The other flo_curves function, offset, uses a scaling algorithm. It cautions that it might produce bad results if the initial and final offsets are very different, but that's only relevant to VWS. We may want to consider splitting CWS with more intention from VWS, perhaps even adding a flag for the flo_curves algorithm used (at the MFEKstroke level, which is MFEK/math.rlib's main consumer for the moment, although MFEKglif is a graphical consumer, it lags behind and doesn't support everything MFEKstroke does).

[Logicalshift]

I think you're right about the fix but wrong about the problem: the problem is probably that fit_curves estimates the tangents at the start and end of the set of points (and once every 100 points), which will produce a subtly incorrect answer: using the tangents from the original curve will produce a much better answer.

The extra points being generated seems to be a bug either in the curve fitting or error estimating algorithm. After fitting the curve, flo_curves subdivides at the point that has the highest error, but with something simple like a circular arc the error should be low enough after fitting that no subdivisions are necessary. Here it's subdividing towards the end which I think is compensating for some sort of issue with the algorithm (not sure if it's the actual fitting algorithm or the error algorithm at this point)

The scaling offset algorithm was problematic in the past but I rewrote it alongside the LMS algorithm with a much more reliable approach so it should also be a good option. It does tend to subdivide too many times at the moment so that might be another downside to consider (the LMS algorithm is better at this even with the bug I described above).

[skef]

With a fixed-sized nib the tangent at any offset point should be the same as the tangent on the "source" spline, which is 90 degrees from the normal already calculated to do the offset in the first place. Estimation (beyond the accuracy of floating-point calculations) shouldn't be necessary.

I think the same is true for variable-size nibs -- the curvature at the offset point changes but the instantaneous tangent angle is the same -- because otherwise the offset point calculation would be incoherent. However, I've only thought about variable nibs a little bit so I could be mistaken.

[ctrlcctrlv]

(I've thought about it more and I actually think that variable size nibs really are not a useful feature, what is actually useful is nibs that change their angle as they transverse the path. Right now a nib always has a set angle as it marches the path, one could imagine instead the angle being the normal of the point, or user-defined at each point.)

[skef]

Variable-sized nibs are just a generalization of variable-width stroking, so they're useful for "Power Stroke"-like support.

Variable angle nibs are possible but they open a huge can of worms. All sorts of things become much more difficult (he most obvious being inflection-point madness).

[skef]

Non-smooth variable angle nibs (such as rectangular nibs) are (probably) harder than smooth variable-angle nibs. When using a nib with a point it's very important to know when a given point starts "drawing the offset" on one side. That depends on the angles incident to the point and the angle of the source curve. If the former are fixed you can just attend to the angle of the latter. If they're changing you have simultaneous equations to solve for every trace.

[ctrlcctrlv]

I think we could survive with ovals in the beginning.

[skef]

Well, this is close to a request for full MetaFont support in a vector environment, so the history of why MetaPost doesn't support it, or just the fact that it doesn't support it after all these years, is instructive.

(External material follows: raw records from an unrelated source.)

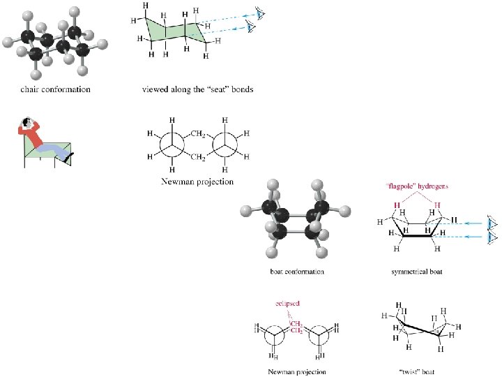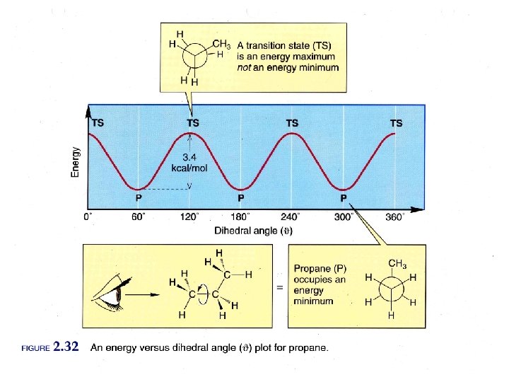 Conformations: the various shapes that a molecule can assume by rotations about single bonds Newman projections less stable torsional strain: more stable by 2. 9 kcal/mol the destabilization caused by
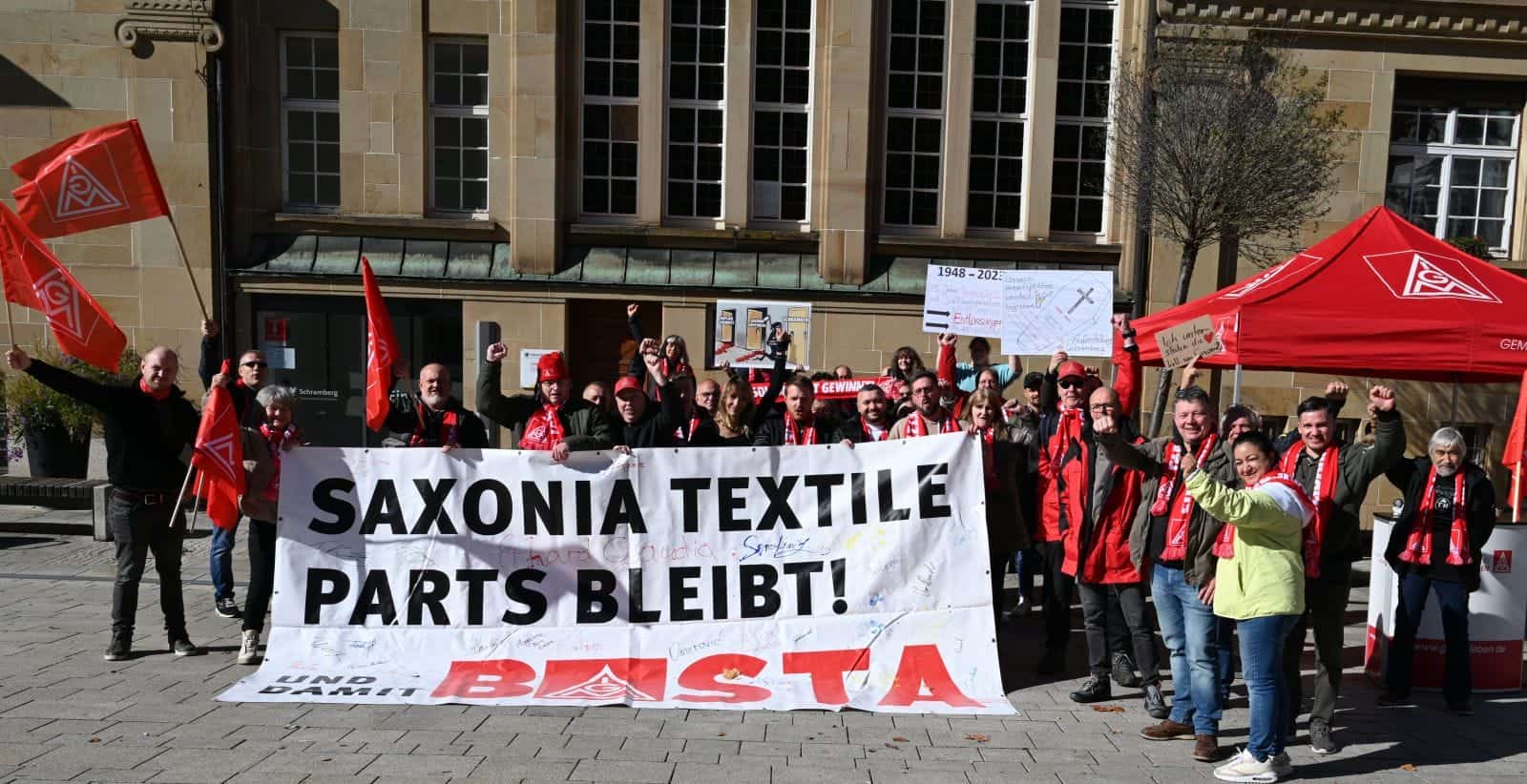 Die Schließung von Saxonia Textile Parts in Göppingen sei „eine eigenartige Form, seine Dankbarkeit auszudrücken“, schreibt die IG Metall in einem Flugblatt. Bei einer Aktion am Morgen in Sulgen bei Kern-Liebers hatten die Streikenden dieses Flugblatt an die dortigen Kolleginnen und Kollegen verteilt.
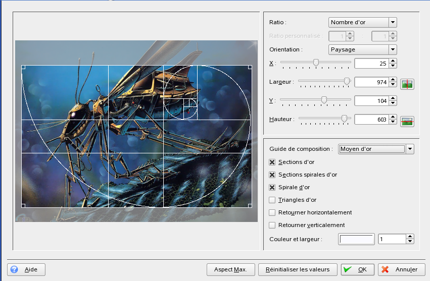 Rapport (1:1.618) traditionnellement utilisé par les artistes et les architectes pour créer des résultats harmonieux.

Variable-size nibs have a potential problem that you don't often see in practice and can potentially ignore, which is that they can "ink" areas with edge-portions other than those tangent to the direction of stroking. Think of a line being inked by a circle growing faster than its rate of travel -- some areas "behind" the nib will be inked by the back edge. One can "address" this problem by changing the metaphor: say by having the nib be a thin line dragged along the source contour and staying normal to it, but whether that "works" depends on the effect one wants.

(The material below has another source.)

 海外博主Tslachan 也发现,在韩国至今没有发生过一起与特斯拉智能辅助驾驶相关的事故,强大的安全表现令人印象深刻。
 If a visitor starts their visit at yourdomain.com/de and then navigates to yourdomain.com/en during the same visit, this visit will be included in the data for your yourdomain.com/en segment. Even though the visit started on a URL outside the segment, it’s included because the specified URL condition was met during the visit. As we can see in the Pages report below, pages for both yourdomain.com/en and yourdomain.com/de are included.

From my (admittedly limited) research into the rotation problem, rotating nibs suffer from this much more fundamentally. There are common cases in which part of what one is looking for in a rotating nib involves inking areas with non-tangent points on the nib edge. And once you need that you need an entirely different approach.

If I were tasked with implementing this I would start by despairing. Then I would probably pursue a hybrid vector and raster-trace system where certain points were noted as "sharp" with known angles to improve the tracing process. Then I would hope I could identify all, or enough, of those points.

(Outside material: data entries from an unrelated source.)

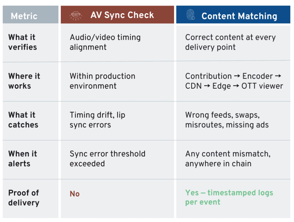 The bottom line: sync verification is necessary. It’s not sufficient. For operations running live events, FAST channels, multi-region distribution, or ad-supported tiers, content integrity monitoring is the safety net that catches what sync tools cannot see.
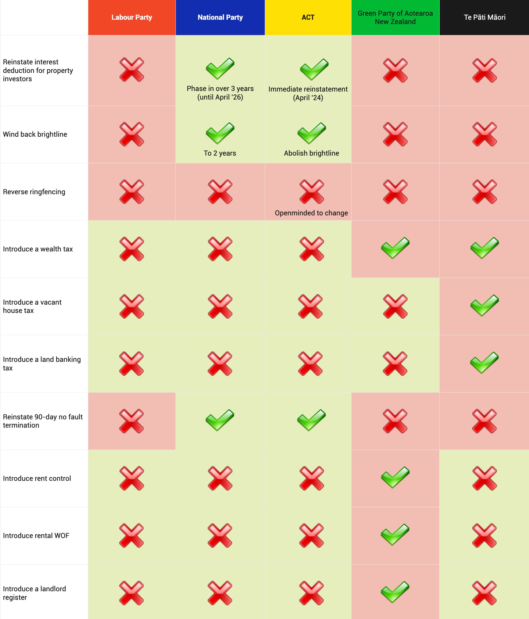 Here is a brief summary of each political party’s position on kitchen table issues concerning property investors/landlords. We have only accounted for the parties that are currently in Parliament.
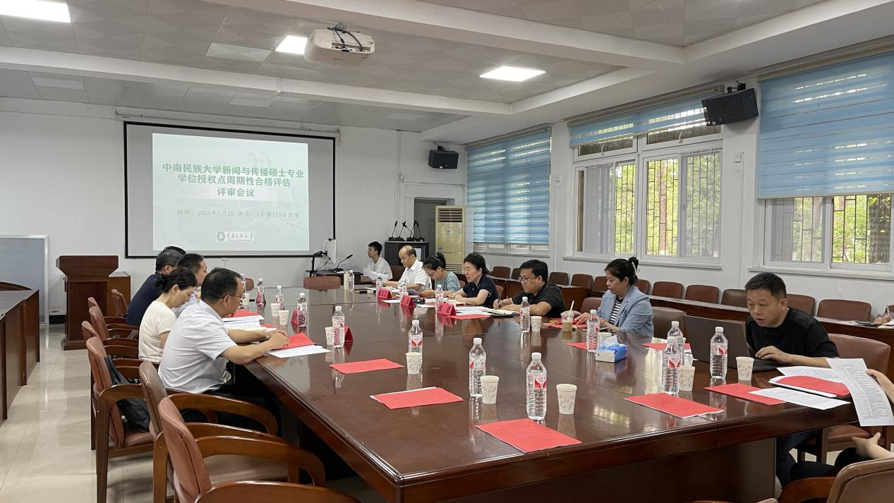 (通訊員:黃梓航,攝影:王芳)5月20日下午,中南民族大學新聞與傳播碩士專業學位授權點周期性合格評估評審會議在1號樓119會議室順利舉行。評審專家組、研究生院負責人、文學與新聞傳播學院領導班子成員、學科帶頭人、學位點建設小組成員參加會議。經過評議,評審專家組認為文學與新聞傳播學院新聞與傳播碩士專業學位授權點建設情況評估等級為“合格”。

As it happens that's a vaguely accurate description of the old FontForge algorithm. Maybe GW went down that path in the hope of eventually supporting things like rotating nibs, perhaps limited to the polygonal case. Unfortunately it didn't manage to pick out all the needed points even in the non-rotating case, so thinking it could be nudged to the general solution seems wishful.

[Logicalshift]

I've just released v0.5.2 of flo_curves which has an improved version of the fitting algorithm. I've also changed the offset algorithm to use the tangents from the original curve as suggested above, and improved the documentation for fit_curve_cubic - the reason for the extra points in the example above was that the end tangent was pointing in the wrong direction, so it was trying to find a curve that reversed direction.

Finally, I modified the fitting algorithm to reparameterize at least once before splitting the curve: this should reduce the number of curves generated and subdivide them at better locations.

[ctrlcctrlv]

Much obliged @Logicalshift. I will push your release into MFEK's branch (I don't know why Matt made an MFEK branch so will first try not using it).

We've had some contact over the years, and FYI I noticed over on your bugtracker Matt left a few solved bugs open. You're quite likely to want to close those—Matt retired from the MFEK project to pursue video game development. You're back to dealing with me I'm afraid. ;-)

[ctrlcctrlv]

Update: I have compared MFEK/flo_curves:master to Logicalshift/flo_curves:master and determined that two small patches could eliminate the need for the former, which I have opened as Logicalshift/flo_curves#10 and Logicalshift/flo_curves#11. Assuming these are both merged, MFEK/flo_curves can be done away with, and upstream flo_curves depended upon once again by us.

[ctrlcctrlv]

@simoncozens Here's the output of MFEKstroke on the circle given the latest Logicalshift flo_curves pushes when compiled against 9619a79:

[simoncozens]

Much nicer!